Un, deux puis trois césars pour Amalric !

Publié le par Mehdi MEKLAT

 

 

 

INTERVIEW*-CINEMA Un bouquin à la main, il commande un café et s’installe. Prêt à se confier, il nous déclare « C’est plus sympa qu’avec un vrai journaliste ! ». Juste le temps d’une griller une et Amalric se prête au jeu. Le « futur méchant » de 007 à une carrière qui s’envole, notamment à Hollywood. Il est élu "meilleur acteur" pour "Le Scaphandre et le Papillon" aux Césars 2008. Il nous reçoit dans de son quartier. Interview.

 


Pouvez vous, nous parler de vos débuts au cinéma ?amalric.jpg

Enfant, mon père était journaliste au « Monde »,  donc nous voyagions très souvent. A Moscou, où nous avions élu résidence pour une courte période, il avait un ami réalisateur géorgien, Otar Iosseliani, qui ne prenait pour ses films jamais d’acteurs professionnels, simplement des amis proches. Moi, j’avais le bac mais je n’avais aucune idée de ce que je voulais faire. Un mois de Février, Otar me propose de faire un de ses films, « Les favoris de la lune ». Arrivait sur le plateau, j’ai était renversé, passionné, mais pas par le métier d’acteur, c’était celui de réalisateur qui m’intéressait, j’avais trouvé ma voie ! (photo : associationmanuelazana.org)

 

Vous vous êtes donc lancé dans la réalisation ?

J’ai fait un court métrage avec d’autres étudiants, malheureusement c’était vraiment nul, en plus j’étais  endetté sur deux ans ! Je me suis alors promis de mieux faire sur le prochain, mais c’est à ce moment là que je deviens stagiaire sur plusieurs films. Jamais je n’ai voulu devenir comédien, jamais je n’ai voulu avoir une carrière à Hollywood, j’étais trop timide pour cela.

 

Que se passe t-il entre l’Amalric stagiaire et le grand comédien ?

A 30 ans, Arnaud Desplechin me prend comme acteur pour « Comment je me suis disputé », alors que je n’avais aucune expérience. Cette vie de comédien est un énorme gag pour moi ! Mais c’est l’histoire du cinéma, avec un petit côté Cendrillon.

 

Votre filmographie est très chargée et très diversifiée …
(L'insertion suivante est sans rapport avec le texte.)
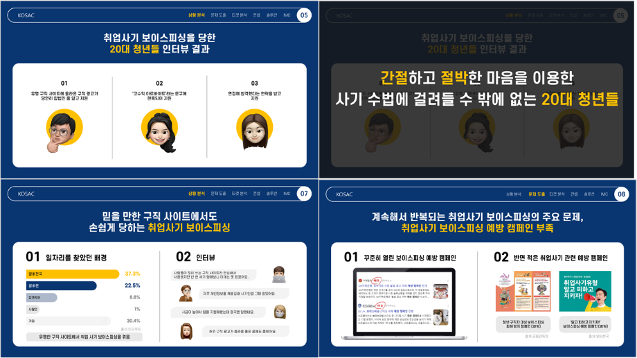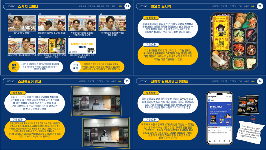 본문 시작 홈으로 흥미로운 교육과정 매력적인 학과소개 흥미로운 교육과정 특별CC프로그램 We can 취업 따뜻한 커뮤니티 홈페이지가이드 작품 갤러리 교육일정 교육과정 전공교육 체계도 졸업후진로 작품 갤러리 작품 갤러리 페이스북 트위터 프린트 [2024KOSAC]대한민국대학생광고대회 출품작 광고홍보학과 4156 2024-09-11 2024년도 대한민국 대학생 광고대회 출품작 주제 : 보이스 피싱 예방 캠페인 제안서 세명대 광고홍보학과는 '기획맛집'을 지향하고, 이를 인정받고 있습니다 : ) 목록 이전[2024KOSAC]대한민국대학생광고대회 출품작 다음 [평판관리]코레일 평판관리커뮤니케이션 기획서

Ce que j’aime, c’est de faire des films super différents. Par exemple, en ce moment, je finis un autre film d’Arnaud Desplechin mardi à 17h, puis je prends un train pour Deauville où je débute un film sur Jacques Mesrine. En une nuit, je passe à un film d’action. Si quelque chose ne m’amuse pas, je ne le fais pas !

 

Votre carrière a aussi rencontré deux césars…

En effet, ils sont posés sur ma cheminée, ils me servent de bougeoirs et comme par hasard les seules fois  où j’ai reçu mes deux césars, c’était pour des films d’Arnaud Desplechin et j’étais vraiment très content pour lui. 

 

amalric-2.jpgPouvez vous nous parler du film « Le scaphandre et le papillon », dont vous êtes l’acteur principal et qui a fait sensation ?

Ce n’est pas une fiction, c’est une histoire vraie et c’est l’adaptation d’un livre de 110 pages. Un rédacteur en chef, Jean Dominique Bauby, est resté paralysé pendant plusieurs années, ne pouvant bouger qu’un seul œil. Il a tout de même réussit à écrire ce livre. (photo : fichesducinema.com)

 


Comment s’est déroulé le tournage ?

Le réalisateur, Julian Schnabel, a voulu tourner dans l’hôpital où Jean Dominique Bauby a passé plus d’un an et demi, mais il voulait aussi des acteurs et des techniciens français. Pour interpréter le rôle je devais réaliser une expérience très physique.

 

Propos recueillis par Mehdi MEKLAT

                                                                                                  

* Interview réalisé avant la cérémonie des Césars 2008 où Mathieu Amalric est récompensé pour son rôle dans « Le scaphandre et le Papillon » de Julian Schnabel, en tant que « Meilleur acteur ».